One perspective is that these were the easy high times of booming markets in electronics. They were not. Many companies skyrocketed for a short time and then disappeared. Take the computer business for example. Where are its heroes of yesterday? RCA? GE? Honeywell? Bull? Data General? Wang? Control Data? ICL? Ferranti? Cray? Digital Equipment? Burroughs? Tandem? SUN? Nixdorf? Siemens? Compaq?
Compared to these shooting stars HP results never were spectacular. But, in the longer run, HP outperformed them. HP managers were masters of leading the company to and keeping it at operational excellence.
9Hackborn, Richard A., former HP executive
10 Kotter, John P.: Accelerate! Harvard Business Review. Nov.2012.
11 2014 Global Innovation Study, INSEAD
12http://www.ifm.eng.cam.ac.uk/research/dstools/mintzbergs-5-ps-for-strategy/
13https://en.wikipedia.org/wiki/Porter's_generic_strategies
14Soin, Sarv Singh: Total quality essentials. Updated edition. Mc Graw Hill, New York. 1992. P.51 ff
15http://en.wikipedia.org/wiki/Operational_excellence
16 Having worked for HP for 27 years of course I have recognized many of its management practices as leading to the operational excellence the company achieved. Dieter Legat
Figure 2.1 Five tasks done right to lead the business to operational excellence
Five tasks to be done right: Agile leadership and a systems view are required to resolve constraints and move the business forward.
To lead your business to or at operational excellence in these times of incessant and rapid change you must do five tasks right:
Set the right goals,
Design the right operational plans,
Execute them right,
Check your plans for adjustment and improvement and
Have the right operational leadership in place.

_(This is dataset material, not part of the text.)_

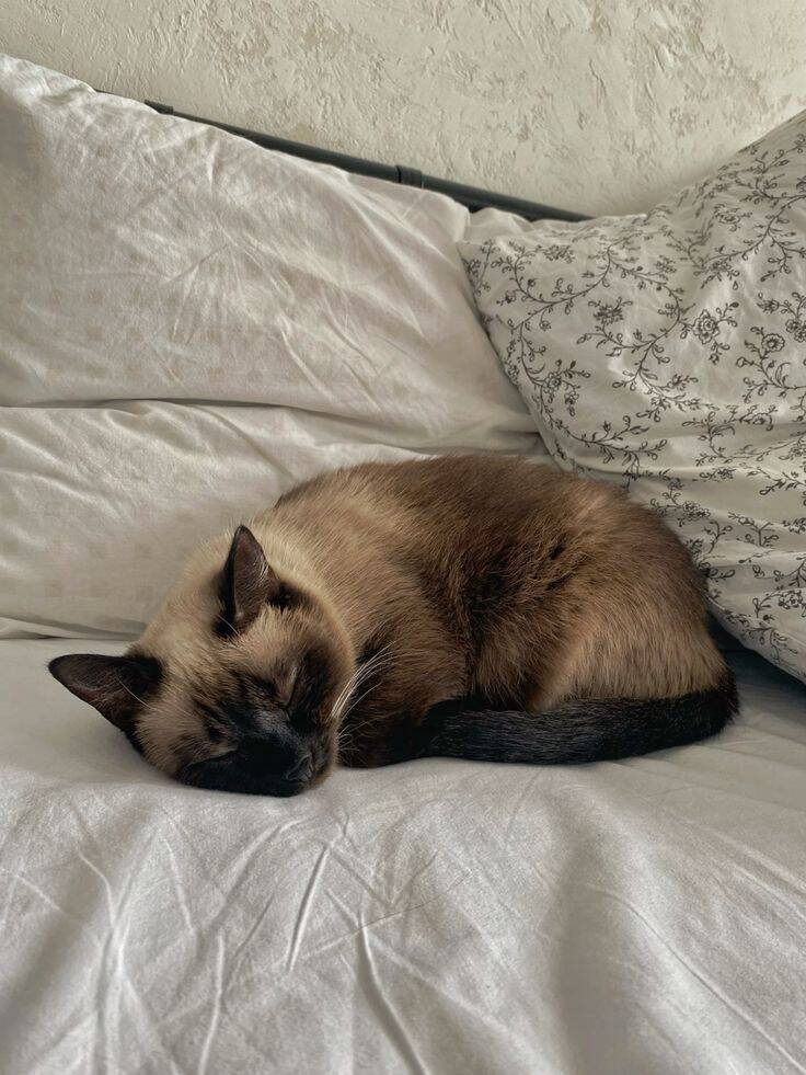 Калачиком, прижав хвост к мордочке — попытка сохранить тепло и защититься. Если кошка спит калачиком на вашей кровати, но не касается вас — возможно, ей немного тревожно или холодно. Она рядом с вами, но держит дистанцию.

These tasks must be led with an agile approach: in a never-ending cycle of Plan-Execute-Check, the PEC cycle.
Such are the principles of an extremely flexible, continuously adjusting approach to leadership – as required for surfing the waves of opportunity.
Operational leadership consists of five tasks. If done right and performed in a never-ending agile cycle, the business will reach operational excellence.
Task One: Set the right operational goals
The fundamental plank of operational excellence is setting the right operational goals for the business, its units, functions and people.
Task Two: Design the right operational plan
The right operational plan does not just give everyone something to do. Not everyone needs goals, not everything needs to be cascaded down from the top. It just contains the vital few things to be done to bring us to our goal. William A. (Bill) Woehr
This is the master plan. It defines, who will do what to bring the business to the goals. It is the surfboard, perfectly adjusted to the wave we want to ride. People with obligations in the plan form the operational team.
Task Three: Right execution
We have built our surfboard. Now, we surf. This is the toughest part of operational leadership. It requires our full attention, constant focus and rapid, precise execution of even the slightest movement. Not for one moment can you take your eyes off the goal and relax in delivering against obligations.